▶ WORK INSTRUCTIONS: From the entries below, please output exactly the lines starting at the one containing "Poster: Pool Party" and ending at the one containing "Smottamenti diffusi, ma", both included.

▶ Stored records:
"""
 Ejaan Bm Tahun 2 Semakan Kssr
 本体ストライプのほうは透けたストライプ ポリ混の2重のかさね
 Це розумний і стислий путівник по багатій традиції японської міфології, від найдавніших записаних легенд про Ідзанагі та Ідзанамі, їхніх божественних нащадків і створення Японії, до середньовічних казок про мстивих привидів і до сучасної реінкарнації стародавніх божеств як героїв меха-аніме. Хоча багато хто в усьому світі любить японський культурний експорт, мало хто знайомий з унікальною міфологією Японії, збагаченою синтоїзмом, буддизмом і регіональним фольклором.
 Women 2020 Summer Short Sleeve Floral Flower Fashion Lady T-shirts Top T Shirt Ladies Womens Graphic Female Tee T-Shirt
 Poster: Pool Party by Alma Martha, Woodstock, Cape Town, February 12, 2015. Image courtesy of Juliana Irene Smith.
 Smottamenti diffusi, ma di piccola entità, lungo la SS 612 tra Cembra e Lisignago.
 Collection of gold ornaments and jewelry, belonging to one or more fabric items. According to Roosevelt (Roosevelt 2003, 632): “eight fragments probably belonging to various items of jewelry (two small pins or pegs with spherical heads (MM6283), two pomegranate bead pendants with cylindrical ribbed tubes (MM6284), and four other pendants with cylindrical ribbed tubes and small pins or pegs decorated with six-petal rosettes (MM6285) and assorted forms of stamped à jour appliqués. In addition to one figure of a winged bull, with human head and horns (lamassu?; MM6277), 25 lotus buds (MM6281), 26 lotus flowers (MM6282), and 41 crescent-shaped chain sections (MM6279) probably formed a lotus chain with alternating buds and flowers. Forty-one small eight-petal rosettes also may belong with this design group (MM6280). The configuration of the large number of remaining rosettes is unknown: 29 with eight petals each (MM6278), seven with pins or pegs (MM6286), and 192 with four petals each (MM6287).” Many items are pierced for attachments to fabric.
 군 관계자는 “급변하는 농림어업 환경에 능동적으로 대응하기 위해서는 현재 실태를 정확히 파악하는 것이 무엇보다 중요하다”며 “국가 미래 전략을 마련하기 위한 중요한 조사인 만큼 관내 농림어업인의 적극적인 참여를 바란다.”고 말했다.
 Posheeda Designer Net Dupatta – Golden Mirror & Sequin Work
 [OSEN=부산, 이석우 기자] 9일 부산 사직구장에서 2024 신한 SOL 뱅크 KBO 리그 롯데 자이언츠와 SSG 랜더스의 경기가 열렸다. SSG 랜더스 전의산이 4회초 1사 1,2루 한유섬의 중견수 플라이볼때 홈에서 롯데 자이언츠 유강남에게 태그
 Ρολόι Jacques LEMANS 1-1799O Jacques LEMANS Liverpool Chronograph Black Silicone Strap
"""
▶ EXERCISE RESPONSE:
 Poster: Pool Party by Alma Martha, Woodstock, Cape Town, February 12, 2015. Image courtesy of Juliana Irene Smith.
 Smottamenti diffusi, ma di piccola entità, lungo la SS 612 tra Cembra e Lisignago.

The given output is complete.